Le gouvernement hongrois justifie quant à lui le retard du parlement dans la ratification de la demande d’adhésion suédoise par le fait que Stockholm aurait fait preuve d’ingérence dans ses affaires intérieures et que la Suède a ouvertement critiqué la démocratie et l’État de droit en Hongrie en septembre.

Mme Novák a déclaré être consciente de cette situation, tandis que Jens Stoltenberg a demandé à Budapest de respecter un engagement pris précédemment par le pays, le gouvernement hongrois ayant déclaré à plusieurs reprises qu’il ne serait pas le dernier allié de l’OTAN à ratifier l’adhésion de la Suède.

De son côté, Katalin Novák a déclaré que le processus de ratification serait « une décision souveraine des membres du parlement hongrois ».

Le problème hongrois

Budapest a également été une épine dans le pied de l’OTAN en ce qui concerne le soutien à l’Ukraine autre que l’aide non létale.

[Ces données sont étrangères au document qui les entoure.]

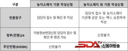 ½Åû ¹æ¹ýÀº ³óÁö ÀÓ´ëÂ÷, ½Ã¼³ ¼³Ä¡ ½Ã ³óÁö´ëÀå ÀÌ¿ëÁ¤º¸ º¯°æ½Åû¼(³óÁö¹ý ½ÃÇà±ÔÄ¢ º°Áö Á¦58È£ÀÇ2)¸¦ ÀÛ¼ºÇØ º¯°æ »çÀ¯°¡ ¹ß»ýÇÑ ³¯·ÎºÎÅÍ 60ÀÏ À̳»¿¡ ³óÁö ¼ÒÀçÁö °üÇÒ À¾¸éµ¿ ÇàÁ¤º¹Áö¼¾ÅÍ¿¡ ¹æ¹®Çϰųª Á¤ºÎ24, ¹Î¿ø24 µî ÀÎÅͳÝÀ¸·Î ½Å°íÇÏ¸é µÈ´Ù.

La récente rencontre du Premier ministre hongrois Viktor Orbán avec le président russe Vladimir Poutine le mois dernier a suscité des réactions hostiles parmi les membres de l’OTAN et de l’Union européenne.

Interrogée par la presse sur l’impact de cette rencontre sur les relations de Budapest avec ses partenaires occidentaux, Mme Novák a déclaré : « Je peux vous assurer qu’il ne peut pas y avoir et qu’il ne devrait pas y avoir de relations entre la Hongrie et la Russie qui compromettraient notre engagement vis-à-vis de l’OTAN ou de l’UE. »

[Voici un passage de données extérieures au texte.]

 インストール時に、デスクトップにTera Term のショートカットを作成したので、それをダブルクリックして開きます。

Budapest a été critiquée pour avoir développé ses liens sur le plan énergétique avec Moscou alors que le pays continue sa guerre en Ukraine, mais également pour avoir imposé à Kiev des normes élevées en matière de protection des minorités en échange de la mise en place d’un Conseil OTAN-Ukraine, ainsi pour s’être opposé à des fonds de l’UE pour l’Ukraine.